Is Art Recession-Proof?
By Yvonne Bynoe
Around the country gas prices and rents are at record highs, coupled with product shortages in grocery stores and drug stores. Consequently, some financial experts are predicting another recession. Understandably, collectors are looking for ways to weather the storm should it come.
While every collector hopes that the work he or she acquires appreciates in value, increasingly Black Americans are purchasing art as part of their investment portfolios. This means that a collector whose main motivation is acquiring art as a financial asset has to make different decisions than the collector who views the appreciation of their art as an unexpected bonus.
Before providing further insights, it’s important to first give some context about what impacts art prices.
Overall, the factor that most influences the rise in art prices is scarcity. Art is one of the few assets where supply decreases over time. After an important artist dies, his/her works are often acquired by museums so there’s a limited number of works for sale in the art markets. For example, Jean-Michel Basquiat, one of the most influential artists of the 20th century, was known to have been a prolific painter. However, in 2021, only 18 Basquiat paintings sold, totaling $258 million in sales.
In the case of living artists, such as 2021 MacArthur “Genius Award” winner, Jordan Casteel, Amaoko Boafo, Mickalene Thomas or a rising star such as Oklahoma-based artist Robert Peterson, increased interest by institutions or by private collectors can quickly result in higher prices for their available work.
The selling price of a sought after artist, living or dead, goes as high as the market will bear.
The recent sale of Ernie Barnes’s (1938-2009) iconic 1976 painting, Sugar Shack is a prime example of the above statement. Based on prior sales of Barnes’s work, Christie’s had placed their auction estimate at $150,000-200,000. However, a bidding war ensued between African-American hedge fund manager Bill Perkins and another prospective buyer. When the dust settled, the work was sold to Perkins for $15.275 million.
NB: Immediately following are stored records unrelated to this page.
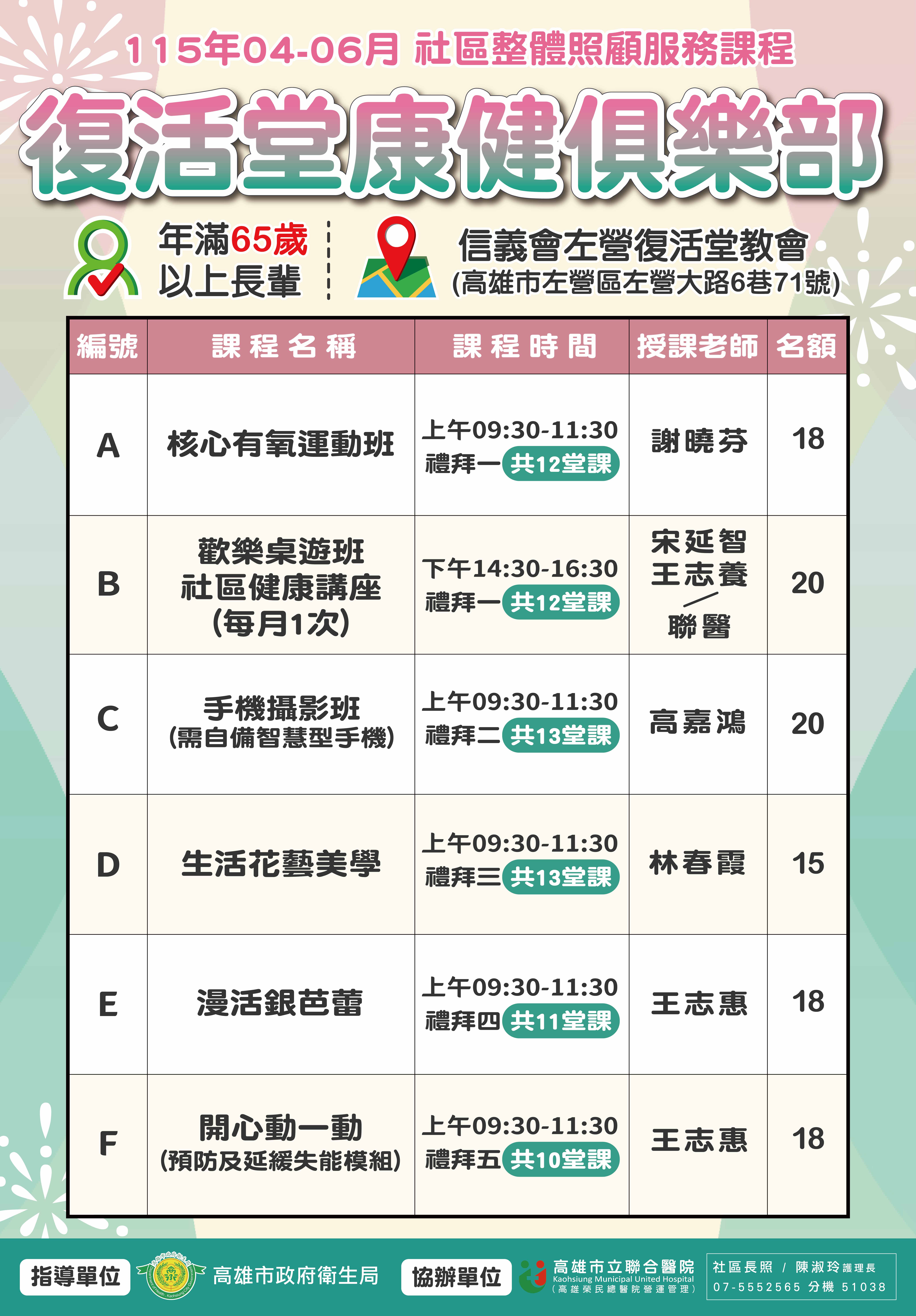 3.復活堂教會康健俱樂部 (高雄市左營區左營大路6巷71號)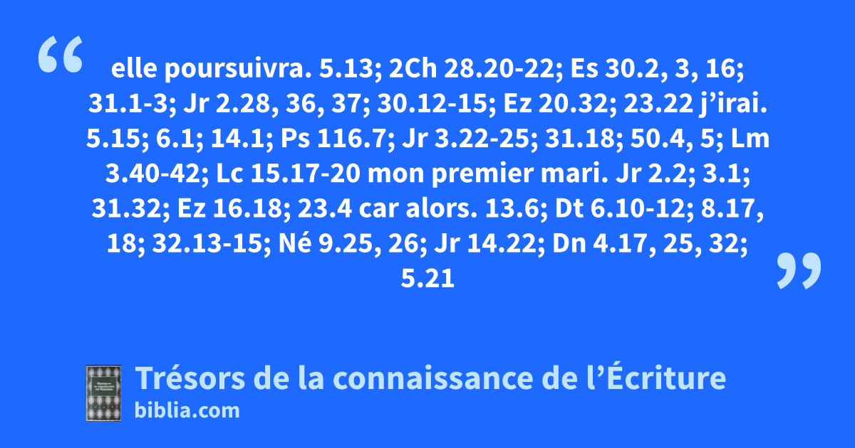 elle poursuivra. 5.13; 2Ch 28.20-22; Es 30.2, 3, 16; 31.1-3; Jr 2.28, 36, 37; 30.12-15; Ez 20.32; 23.22 j’irai. 5.15; 6.1; 14.1; Ps 116.7; Jr 3.22-25; 31.18; 50.4, 5; Lm 3.40-42; Lc 15.17-20 mon premier mari. Jr 2.2; 3.1; 31.32; Ez 16.18; 23.4 car alors. 13.6; Dt 6.10-12; 8.17, 18; 32.13-15; Né 9.25, 26; Jr 14.22; Dn 4.17, 25, 32; 5.21
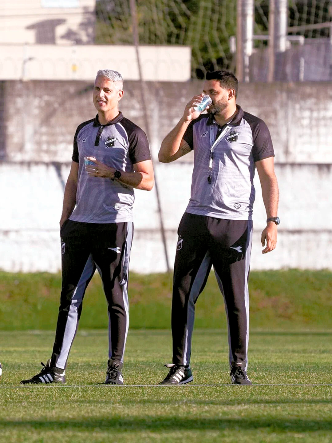 O auxiliar técnico Jonidey Tostão (esquerda) assume a vaga do treinador Rodrigo Santana| Foto: RENNÊ CARVALHO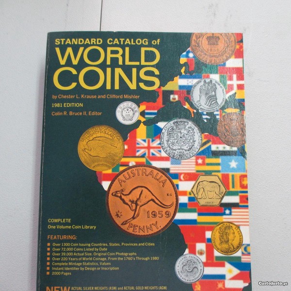 Standard Catalog of World Coins, Edição Krause 1981, dimensões 28x21x4,5 cms, 2000 pags ilustradas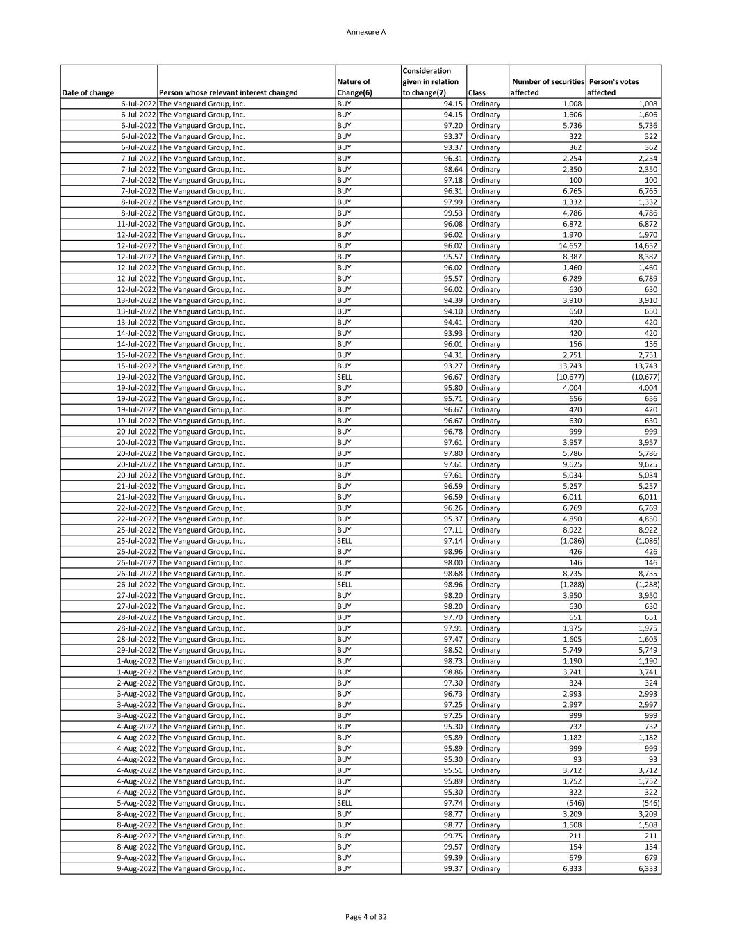Annexure A Date of change Person whose relevant interest changed Nature of Change(6) Consideration given in relation to change(7) Class Number of securities affected Person's votes affected 6-Jul-2022 The Vanguard Group, Inc. BUY 94.15 Ordinary 1,008 1,008 6-Jul-2022 The Vanguard Group, Inc. BUY 94.15 Ordinary 1,606 1,606 6-Jul-2022 The Vanguard Group, Inc. BUY 97.20 Ordinary 5,736 5,736 6-Jul-2022 The Vanguard Group, Inc. BUY 93.37 Ordinary 322 322 6-Jul-2022 The Vanguard Group, Inc. BUY 93.37 Ordinary 362 362 7-Jul-2022 The Vanguard Group, Inc. BUY 96.31 Ordinary 2,254 2,254 7-Jul-2022 The Vanguard Group, Inc. BUY 98.64 Ordinary 2,350 2,350 7-Jul-2022 The Vanguard Group, Inc. BUY 97.18 Ordinary 100 100 7-Jul-2022 The Vanguard Group, Inc. BUY 96.31 Ordinary 6,765 6,765 8-Jul-2022 The Vanguard Group, Inc. BUY 97.99 Ordinary 1,332 1,332 8-Jul-2022 The Vanguard Group, Inc. BUY 99.53 Ordinary 4,786 4,786 11-Jul-2022 The Vanguard Group, Inc. BUY 96.08 Ordinary 6,872 6,872 12-Jul-2022 The Vanguard Group, Inc. BUY 96.02 Ordinary 1,970 1,970 12-Jul-2022 The Vanguard Group, Inc. BUY 96.02 Ordinary 14,652 14,652 12-Jul-2022 The Vanguard Group, Inc. BUY 95.57 Ordinary 8,387 8,387 12-Jul-2022 The Vanguard Group, Inc. BUY 96.02 Ordinary 1,460 1,460 12-Jul-2022 The Vanguard Group, Inc. BUY 95.57 Ordinary 6,789 6,789 12-Jul-2022 The Vanguard Group, Inc. BUY 96.02 Ordinary 630 630 13-Jul-2022 The Vanguard Group, Inc. BUY 94.39 Ordinary 3,910 3,910 13-Jul-2022 The Vanguard Group, Inc. BUY 94.10 Ordinary 650 650 13-Jul-2022 The Vanguard Group, Inc. BUY 94.41 Ordinary 420 420 14-Jul-2022 The Vanguard Group, Inc. BUY 93.93 Ordinary 420 420 14-Jul-2022 The Vanguard Group, Inc. BUY 96.01 Ordinary 156 156 15-Jul-2022 The Vanguard Group, Inc. BUY 94.31 Ordinary 2,751 2,751 15-Jul-2022 The Vanguard Group, Inc. BUY 93.27 Ordinary 13,743 13,743 19-Jul-2022 The Vanguard Group, Inc. SELL 96.67 Ordinary (10,677) (10,677) 19-Jul-2022 The Vanguard Group, Inc. BUY 95.80 Ordinary 4,004 4,004 19-Jul-2022 The Vanguard Group, Inc. BUY 95.71 Ordinary 656 656 19-Jul-2022 The Vanguard Group, Inc. BUY 96.67 Ordinary 420 420 19-Jul-2022 The Vanguard Group, Inc. BUY 96.67 Ordinary 630 630 20-Jul-2022 The Vanguard Group, Inc. BUY 96.78 Ordinary 999 999 20-Jul-2022 The Vanguard Group, Inc. BUY 97.61 Ordinary 3,957 3,957 20-Jul-2022 The Vanguard Group, Inc. BUY 97.80 Ordinary 5,786 5,786 20-Jul-2022 The Vanguard Group, Inc. BUY 97.61 Ordinary 9,625 9,625 20-Jul-2022 The Vanguard Group, Inc. BUY 97.61 Ordinary 5,034 5,034 21-Jul-2022 The Vanguard Group, Inc. BUY 96.59 Ordinary 5,257 5,257 21-Jul-2022 The Vanguard Group, Inc. BUY 96.59 Ordinary 6,011 6,011 22-Jul-2022 The Vanguard Group, Inc. BUY 96.26 Ordinary 6,769 6,769 22-Jul-2022 The Vanguard Group, Inc. BUY 95.37 Ordinary 4,850 4,850 25-Jul-2022 The Vanguard Group, Inc. BUY 97.11 Ordinary 8,922 8,922 25-Jul-2022 The Vanguard Group, Inc. SELL 97.14 Ordinary (1,086) (1,086) 26-Jul-2022 The Vanguard Group, Inc. BUY 98.96 Ordinary 426 426 26-Jul-2022 The Vanguard Group, Inc. BUY 98.00 Ordinary 146 146 26-Jul-2022 The Vanguard Group, Inc. BUY 98.68 Ordinary 8,735 8,735 26-Jul-2022 The Vanguard Group, Inc. SELL 98.96 Ordinary (1,288) (1,288) 27-Jul-2022 The Vanguard Group, Inc. BUY 98.20 Ordinary 3,950 3,950 27-Jul-2022 The Vanguard Group, Inc. BUY 98.20 Ordinary 630 630 28-Jul-2022 The Vanguard Group, Inc. BUY 97.70 Ordinary 651 651 28-Jul-2022 The Vanguard Group, Inc. BUY 97.91 Ordinary 1,975 1,975 28-Jul-2022 The Vanguard Group, Inc. BUY 97.47 Ordinary 1,605 1,605 29-Jul-2022 The Vanguard Group, Inc. BUY 98.52 Ordinary 5,749 5,749 1-Aug-2022 The Vanguard Group, Inc. BUY 98.73 Ordinary 1,190 1,190 1-Aug-2022 The Vanguard Group, Inc. BUY 98.86 Ordinary 3,741 3,741 2-Aug-2022 The Vanguard Group, Inc. BUY 97.30 Ordinary 324 324 3-Aug-2022 The Vanguard Group, Inc. BUY 96.73 Ordinary 2,993 2,993 3-Aug-2022 The Vanguard Group, Inc. BUY 97.25 Ordinary 2,997 2,997 3-Aug-2022 The Vanguard Group, Inc. BUY 97.25 Ordinary 999 999 4-Aug-2022 The Vanguard Group, Inc. BUY 95.30 Ordinary 732 732 4-Aug-2022 The Vanguard Group, Inc. BUY 95.89 Ordinary 1,182 1,182 4-Aug-2022 The Vanguard Group, Inc. BUY 95.89 Ordinary 999 999 4-Aug-2022 The Vanguard Group, Inc. BUY 95.30 Ordinary 93 93 4-Aug-2022 The Vanguard Group, Inc. BUY 95.51 Ordinary 3,712 3,712 4-Aug-2022 The Vanguard Group, Inc. BUY 95.89 Ordinary 1,752 1,752 4-Aug-2022 The Vanguard Group, Inc. BUY 95.30 Ordinary 322 322 5-Aug-2022 The Vanguard Group, Inc. SELL 97.74 Ordinary (546) (546) 8-Aug-2022 The Vanguard Group, Inc. BUY 98.77 Ordinary 3,209 3,209 8-Aug-2022 The Vanguard Group, Inc. BUY 98.77 Ordinary 1,508 1,508 8-Aug-2022 The Vanguard Group, Inc. BUY 99.75 Ordinary 211 211 8-Aug-2022 The Vanguard Group, Inc. BUY 99.57 Ordinary 154 154 9-Aug-2022 The Vanguard Group, Inc. BUY 99.39 Ordinary 679 679 9-Aug-2022 The Vanguard Group, Inc. BUY 99.37 Ordinary 6,333 6,333 Page 4 of 32

Various studies have shown that the art market doesn’t correlate with the stock market. This means that art tends to sell well even when the U.S. economy is doing poorly. In financial circles, art is considered a “currency neutral asset.” The art market is roughly divided into quarters between the United States, Western Europe, China and the rest of the world. Subsequently, a market downturn in one art market doesn’t necessarily impact the value of a work. If there’s a recession in the U.S., a collector could still sell his/her painting in Hong Kong for a great price.
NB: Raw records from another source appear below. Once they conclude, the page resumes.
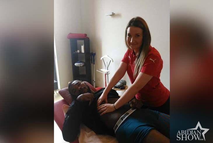 Le football de haut niveau, c'est dur. Éprouvant. Les clubs professionnels ambauchent donc un personnel pour chaque besoin de leurs athlètes. Médecins, kinés et masseuses. De toutes les séances celles des masseuses est très prisée par les footballeurs. Surtout lorsqu'ils débordent d'humour tel que Serey Di . Notre champion d'Afrique qui aime bien rigoler (il rit beaucoup, même s'il a pleuré devant les caméras) a posté cette image. Séance de rééducation. Avec une spécialiste qu' il aime bien.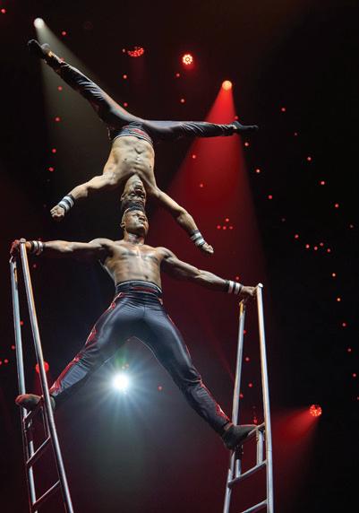 two-metre canes, in a scene of avant-garde card costumes and dramatic choreography. A Mongolian contortion group creates the sinuous Caterpillar. Tweedledum and Tweedledee appear as an explosive Icarian games duo who juggle each other with their feet. Audiences will also see the world’s fastest roller-skaters; a head-to-head acrobatic couple fresh from a global Got Talent win; rola bola; speed juggling; and more.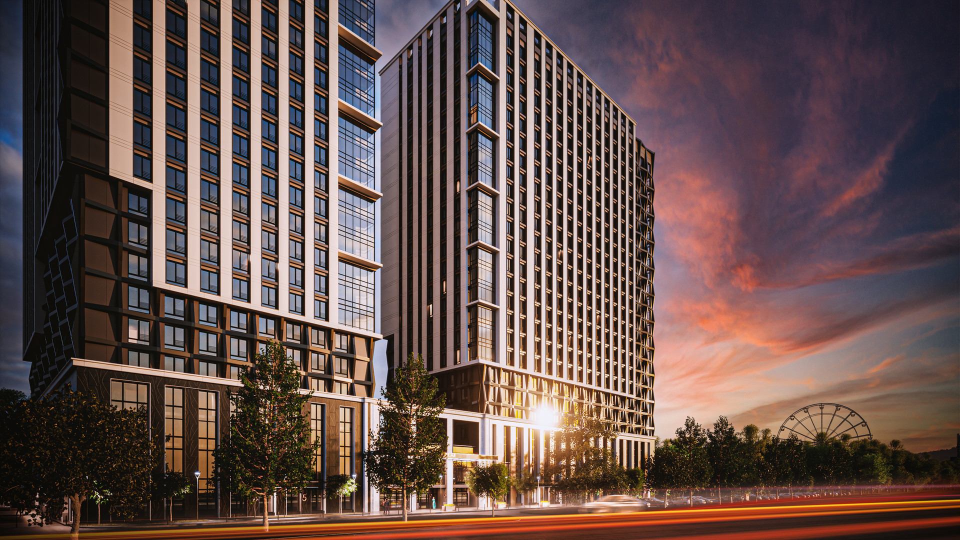 К жилому комплексу «ТНЕ РRIМЕ» прилегает благоустроенный парк площадью 8 га, а местоположение гарантирует потрясающие виды на всех 25 этажах.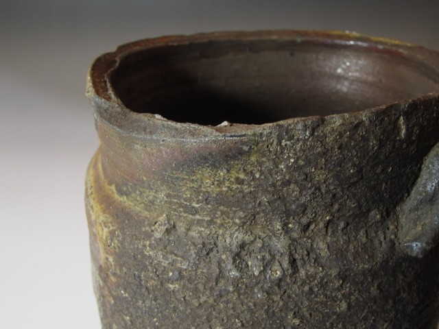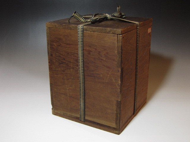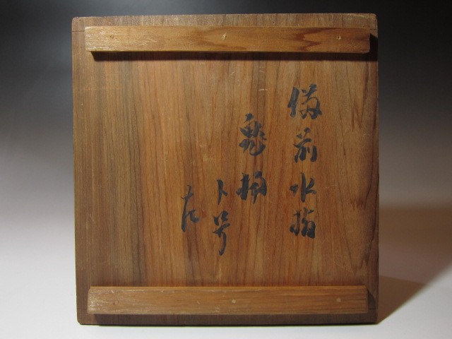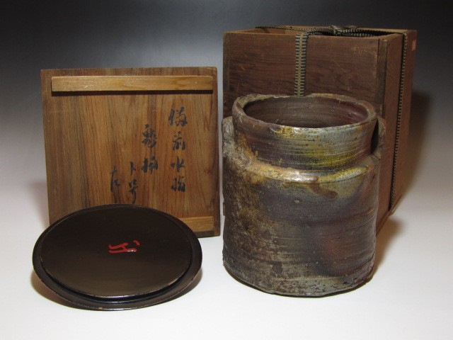 特徴:古い備前の味わい深い土味の品です。 時代の塗り蓋と箱には、表千家九代 了々斎の花押があります。 寸法:直径15㎝×高さ15㎝ 状態:口に古いキズが見られますが、一つの景色ともみえ時代に迫力を増しています。 その他、ヒビや水漏れはありません。 | ||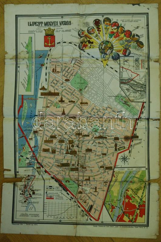 Beschreibung: cca 1930 Újpest város szemléltető térképe erősen megviselt állapotban 45x70 cm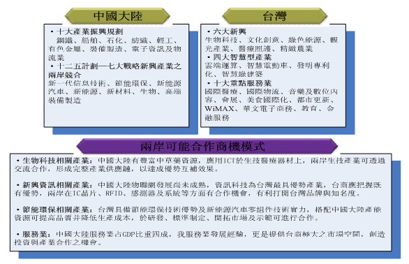 在兩岸合作上,科技產業的對接合作、傳統產業的升級轉型,以及服務業質量的提升來擴大內需,均有合作的空間。但如何建立合作的機制,並透過ECFA的深化與廣化,以及政策的松綁,才能落實兩岸廠商、產業的合作,以因應挑戰及開啟新的商機。

The caveat is that generally during a down market masterpieces still command high prices, while lower priced works lose value. In other words, blue chip art will always do well—even in a recession. (Blue chip art are works priced at $500,000 or more.) Art industry analysts maintain that works that consistently hold their values are by well-known artists that are estimated between $100K and $1M in major art markets such as New York and London.
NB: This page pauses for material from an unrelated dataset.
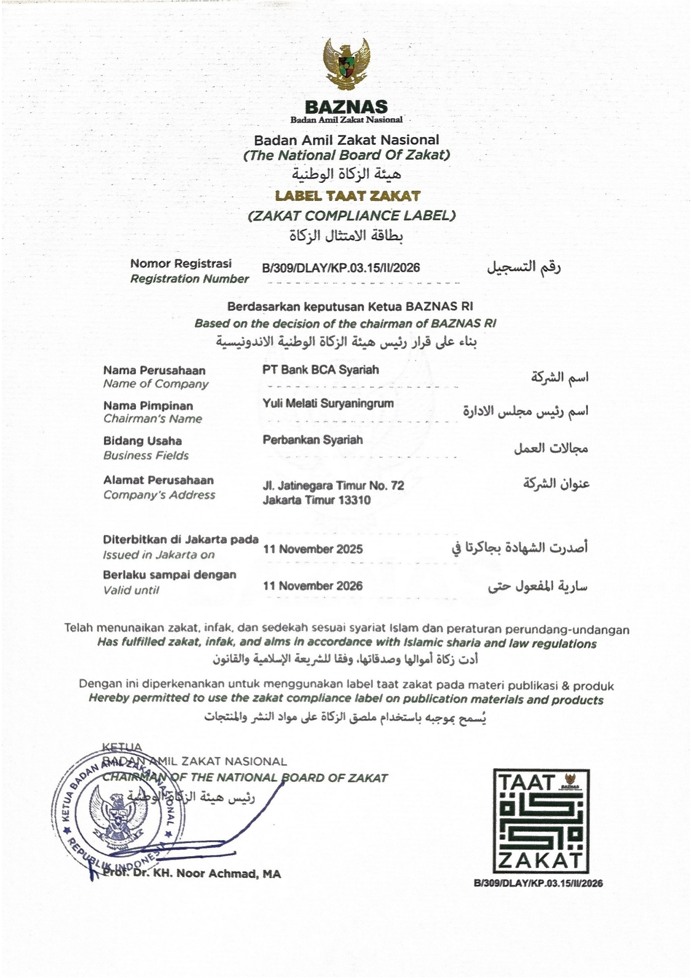 PT Bank BCA Syariah (BCA Syariah) menerima Label Taat Zakat dari Badan Amil Zakat Nasional (BAZNAS) pada Selasa, 10 Februari 2025. Penghargaan tersebut diterima oleh Kepala Satuan Kerja Hukum dan SDM, Retno Wulandari.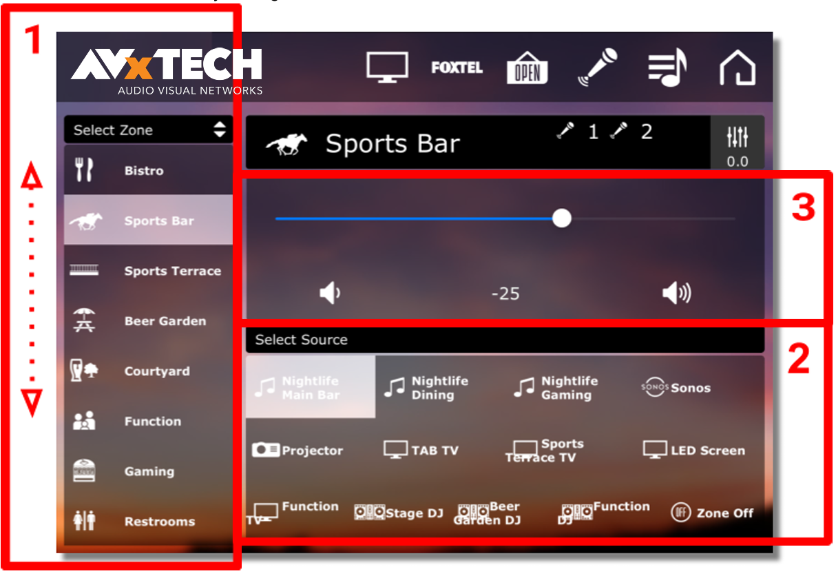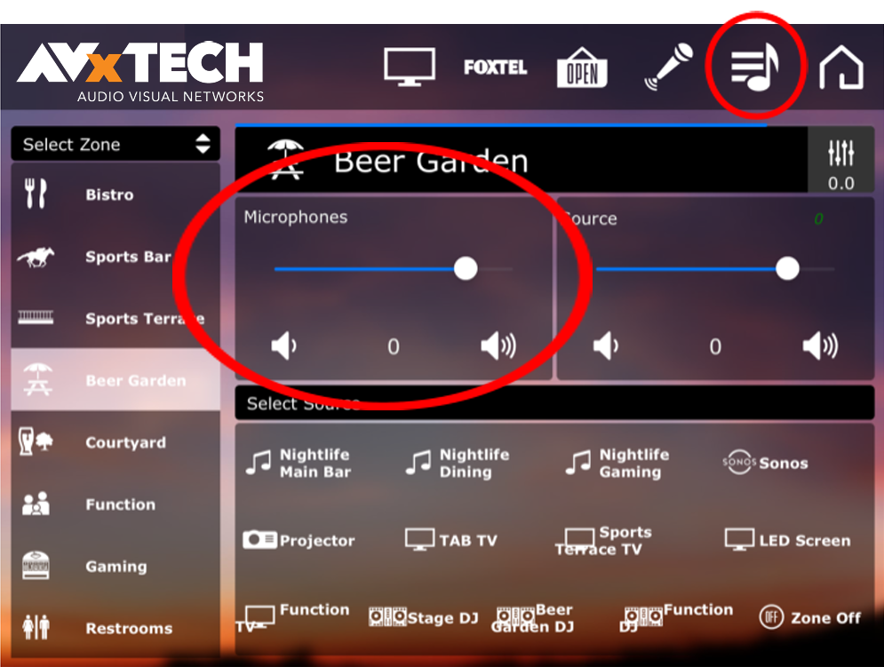After enabling Microphone Volume Control, sliders will appear on the Audio Source and Zone Selection pages.

The standard for valuing art is based on two main criteria: predictability of returns and cultural significance.
Predictability of returns:
This is the sales history of the artist. Wealthier collectors (or their art advisors) use auction sales data to examine the rate of appreciation of an artist’s work over the course of his/her career. These collectors are wary of artists without a solid sales track record. They fear that an unseasoned artist may have one or two high selling works followed by a succession of flops that would depreciate their oeuvre.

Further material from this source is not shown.